> [AVAILABLE DATA]
--- START ---

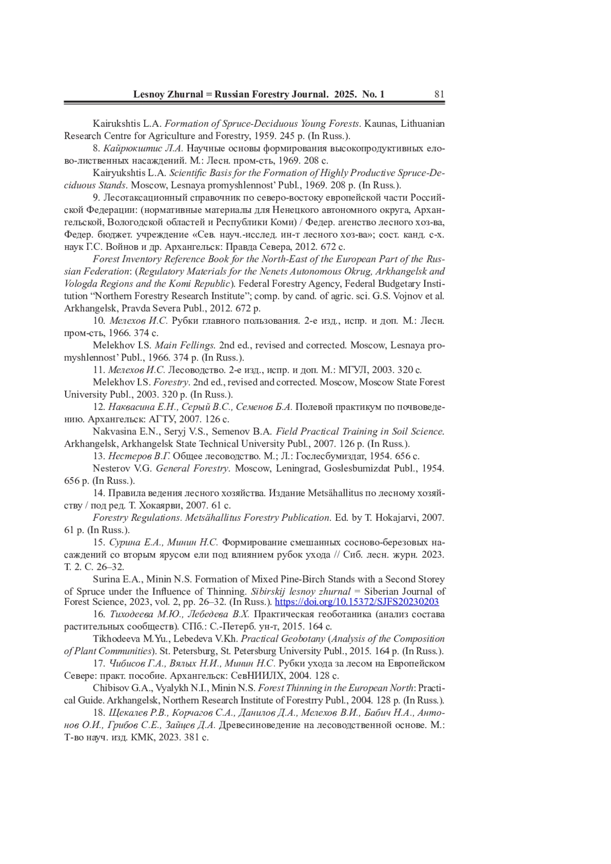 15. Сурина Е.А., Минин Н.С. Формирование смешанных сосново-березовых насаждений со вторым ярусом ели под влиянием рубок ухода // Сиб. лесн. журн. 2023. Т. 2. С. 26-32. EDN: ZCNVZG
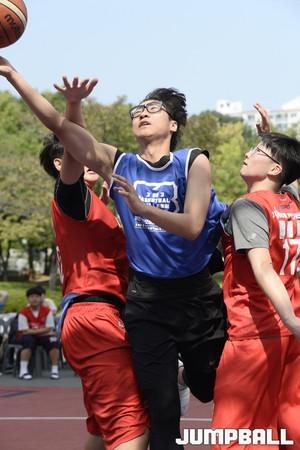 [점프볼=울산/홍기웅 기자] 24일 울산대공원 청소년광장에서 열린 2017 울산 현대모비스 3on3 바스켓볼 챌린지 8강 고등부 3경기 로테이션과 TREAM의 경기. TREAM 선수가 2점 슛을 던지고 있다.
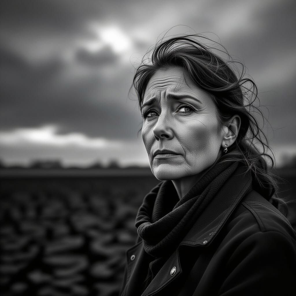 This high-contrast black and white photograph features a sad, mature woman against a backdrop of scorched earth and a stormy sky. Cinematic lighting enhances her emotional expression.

--- END ---
--- START ---

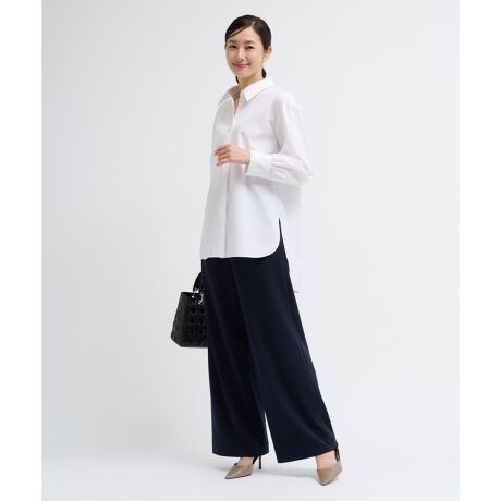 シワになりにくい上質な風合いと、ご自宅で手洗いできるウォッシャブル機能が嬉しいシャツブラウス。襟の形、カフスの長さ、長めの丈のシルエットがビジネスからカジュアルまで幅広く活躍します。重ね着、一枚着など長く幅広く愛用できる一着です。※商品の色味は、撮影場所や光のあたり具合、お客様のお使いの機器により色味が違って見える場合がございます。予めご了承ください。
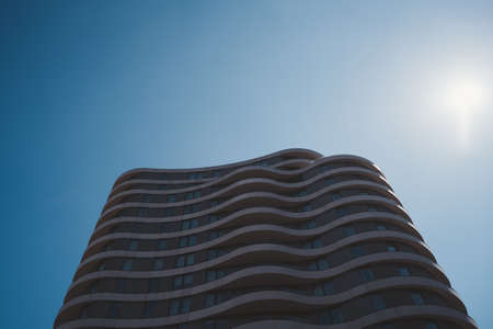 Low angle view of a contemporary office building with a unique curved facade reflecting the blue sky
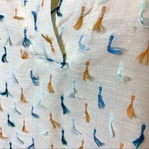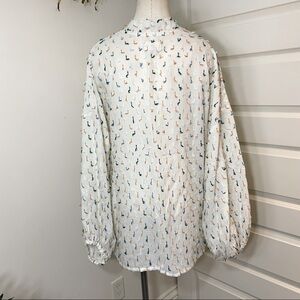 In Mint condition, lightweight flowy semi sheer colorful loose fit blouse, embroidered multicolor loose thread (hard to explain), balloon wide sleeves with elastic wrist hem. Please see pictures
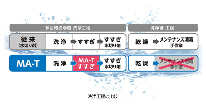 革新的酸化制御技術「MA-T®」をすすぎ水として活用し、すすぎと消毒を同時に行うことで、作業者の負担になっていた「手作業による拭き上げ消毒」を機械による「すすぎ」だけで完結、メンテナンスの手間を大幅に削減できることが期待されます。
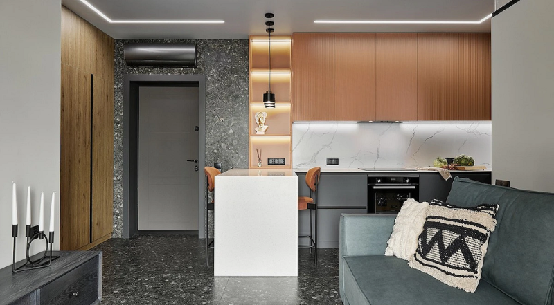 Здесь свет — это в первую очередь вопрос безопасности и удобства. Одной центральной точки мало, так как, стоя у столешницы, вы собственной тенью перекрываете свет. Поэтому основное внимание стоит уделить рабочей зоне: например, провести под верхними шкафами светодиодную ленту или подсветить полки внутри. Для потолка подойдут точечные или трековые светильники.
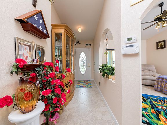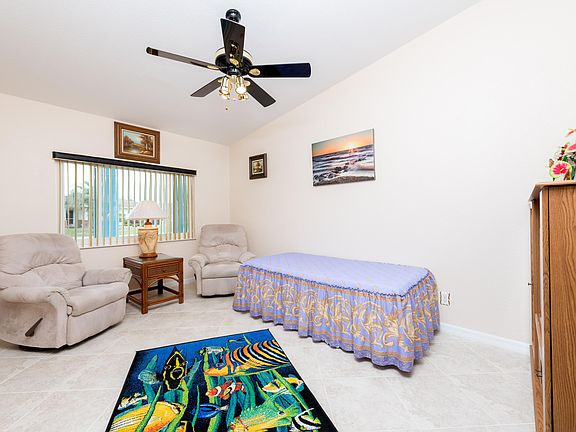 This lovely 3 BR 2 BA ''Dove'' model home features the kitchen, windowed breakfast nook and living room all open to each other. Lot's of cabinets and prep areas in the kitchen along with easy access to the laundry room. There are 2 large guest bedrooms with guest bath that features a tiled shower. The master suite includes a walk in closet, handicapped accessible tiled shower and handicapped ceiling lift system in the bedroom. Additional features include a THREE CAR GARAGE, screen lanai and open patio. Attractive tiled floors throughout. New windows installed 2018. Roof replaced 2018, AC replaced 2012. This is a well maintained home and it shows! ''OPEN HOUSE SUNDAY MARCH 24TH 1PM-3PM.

--- END ---
--- START ---

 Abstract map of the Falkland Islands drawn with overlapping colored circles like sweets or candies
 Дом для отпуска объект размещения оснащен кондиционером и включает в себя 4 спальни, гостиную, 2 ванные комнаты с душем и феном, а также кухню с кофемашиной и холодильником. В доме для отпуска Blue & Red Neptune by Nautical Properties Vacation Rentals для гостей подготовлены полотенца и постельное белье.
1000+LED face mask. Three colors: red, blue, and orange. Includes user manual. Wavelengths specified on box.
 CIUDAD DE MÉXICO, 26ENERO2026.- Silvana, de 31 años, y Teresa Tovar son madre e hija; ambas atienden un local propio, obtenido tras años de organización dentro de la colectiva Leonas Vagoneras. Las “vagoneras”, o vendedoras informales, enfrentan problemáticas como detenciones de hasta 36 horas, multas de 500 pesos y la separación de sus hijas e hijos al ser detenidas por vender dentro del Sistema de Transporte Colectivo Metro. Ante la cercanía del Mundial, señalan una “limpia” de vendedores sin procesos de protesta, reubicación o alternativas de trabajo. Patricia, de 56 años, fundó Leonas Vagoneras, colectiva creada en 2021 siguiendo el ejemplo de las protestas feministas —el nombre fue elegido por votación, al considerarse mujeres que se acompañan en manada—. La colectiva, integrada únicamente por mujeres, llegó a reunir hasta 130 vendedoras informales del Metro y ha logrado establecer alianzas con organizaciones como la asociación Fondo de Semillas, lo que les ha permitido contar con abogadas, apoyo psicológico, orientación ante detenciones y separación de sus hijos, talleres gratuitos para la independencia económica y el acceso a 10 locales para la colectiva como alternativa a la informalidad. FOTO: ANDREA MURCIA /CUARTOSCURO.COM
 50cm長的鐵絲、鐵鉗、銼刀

--- END ---

> [ACTIVITY] Range to copy from the listing above: the line with "シワになりにくい上質な風合い" through the line with "Здесь свет —". Transcribe it exactly and skip the pictures.

> [RESULT OF THIS TASK]
 シワになりにくい上質な風合いと、ご自宅で手洗いできるウォッシャブル機能が嬉しいシャツブラウス。襟の形、カフスの長さ、長めの丈のシルエットがビジネスからカジュアルまで幅広く活躍します。重ね着、一枚着など長く幅広く愛用できる一着です。※商品の色味は、撮影場所や光のあたり具合、お客様のお使いの機器により色味が違って見える場合がございます。予めご了承ください。
 Low angle view of a contemporary office building with a unique curved facade reflecting the blue sky
 In Mint condition, lightweight flowy semi sheer colorful loose fit blouse, embroidered multicolor loose thread (hard to explain), balloon wide sleeves with elastic wrist hem. Please see pictures
 革新的酸化制御技術「MA-T®」をすすぎ水として活用し、すすぎと消毒を同時に行うことで、作業者の負担になっていた「手作業による拭き上げ消毒」を機械による「すすぎ」だけで完結、メンテナンスの手間を大幅に削減できることが期待されます。
 Здесь свет — это в первую очередь вопрос безопасности и удобства. Одной центральной точки мало, так как, стоя у столешницы, вы собственной тенью перекрываете свет. Поэтому основное внимание стоит уделить рабочей зоне: например, провести под верхними шкафами светодиодную ленту или подсветить полки внутри. Для потолка подойдут точечные или трековые светильники.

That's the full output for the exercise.